El punto delicado son las superposiciones. Dos tintas al 100 % una encima de otra pueden saturar el papel y producir un tercer color muy oscuro y difícil de secar. Bajar una de las dos capas a un porcentaje intermedio suele dar un resultado más limpio y más rápido de manipular. Conviene además tener claro el orden de impresión: la primera tinta condiciona cómo se asienta la siguiente.
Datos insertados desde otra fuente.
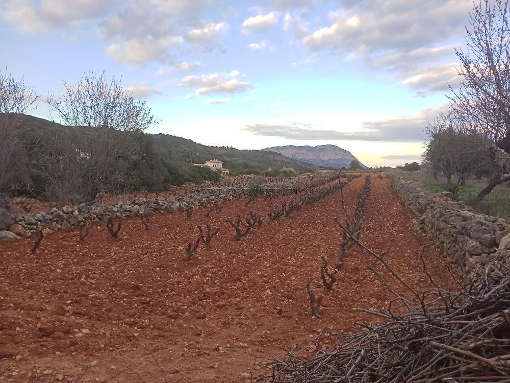 Bebaubar: 2% Beschreibung: Bebaubares Grundstück von insgesamt 15.400 m² zwischen Gata de Gorgos und Lliber. Es können 2% der Gesamtfläche bebaut werden. Das Grundstück setzt sich zusammen aus 5 ebenen, terrassenförmigen Parzellen mit geringem Höhenunterschied, auf denen momentan Weinreben-Anbau betrieben wird. Wasser und Stromanschluss befinden sich nahe der Grundstücksgrenze. Von der Regionalstraße führt ein 25m langer Feldweg an das Grundstück. Eine schöne, ruhige Lage inmitten der Natur mit Blick auf den Montgó. Die Orte Gata de Gorgos und Lliber mit allen erdenklichen Dienstleistungen sind etwa 10, Javea und Denia mit seinen schönen Sandstränden in 25 Autominuten erreichbar. Strom und Wasseranschluss nahe der Grundstücksgrenze

Rodillo entintado en azul apoyado sobre una prueba impresa en una sola tinta, con restos de color sobre la mesa de trabajo
Imagen editorial. Una capa aislada permite juzgar la densidad real de la tinta antes de superponerle la siguiente.
05 — Trama

Cómo un gris se convierte en puntos

El máster solo distingue entre perforado y no perforado, así que cualquier valor intermedio se representa mediante trama. La lineatura —el número de líneas de puntos por pulgada— determina lo visible que resulta ese entramado. Una lineatura baja deja un punto grande y evidente que forma parte del lenguaje de la técnica; una lineatura alta busca discreción, pero corre el riesgo de empastarse si la tinta abre demasiado sobre un papel absorbente.

Existen dos familias de trama. La ortogonal, con puntos alineados en un ángulo fijo, es predecible y limpia, pero al cruzar varias capas puede generar muaré: un patrón de interferencia que aparece cuando dos rejillas se solapan con ángulos próximos. La estocástica, o de difusión de error, reparte puntos irregulares y evita el muaré casi por completo, a cambio de un grano más áspero y de una mayor tendencia a cerrar las sombras.

Ajustes que suelen resolver un problema de trama

  • Separar los ángulos de las capas ortogonales en lugar de repetir el mismo valor.
  • Bajar la lineatura cuando el papel es rugoso o muy absorbente.
  • Cambiar a trama estocástica en imágenes con degradados amplios.
  • Reservar la tinta plana para textos y masas, sin tramarlos.
  • Probar una sola hoja antes de lanzar la tirada completa.
06 — Registro

Qué ocurre cuando el papel vuelve a entrar en la máquina

El registro es la coincidencia entre capas. Cada pase vuelve a tomar el pliego desde la bandeja, lo arrastra con rodillos y lo hace pasar bajo el tambor; en ese trayecto el papel puede desplazarse un poco, girar unas décimas de grado o estirarse por la humedad de la tinta anterior. Por eso la risografía trabaja con una tolerancia real de desplazamiento, no con una coincidencia perfecta.

Se puede reducir ese margen, aunque no eliminarlo. Ayuda airear y alinear bien la pila antes de cada pase, mantener el mismo sentido de fibra y el mismo borde de arrastre en todas las pasadas, dejar reposar el papel entre colores y no dejar la bandeja demasiado cargada. También ayuda diseñar pensando en el problema: contornos que no dependan de un contacto exacto, solapes generosos entre masas de color y textos impresos en una sola tinta.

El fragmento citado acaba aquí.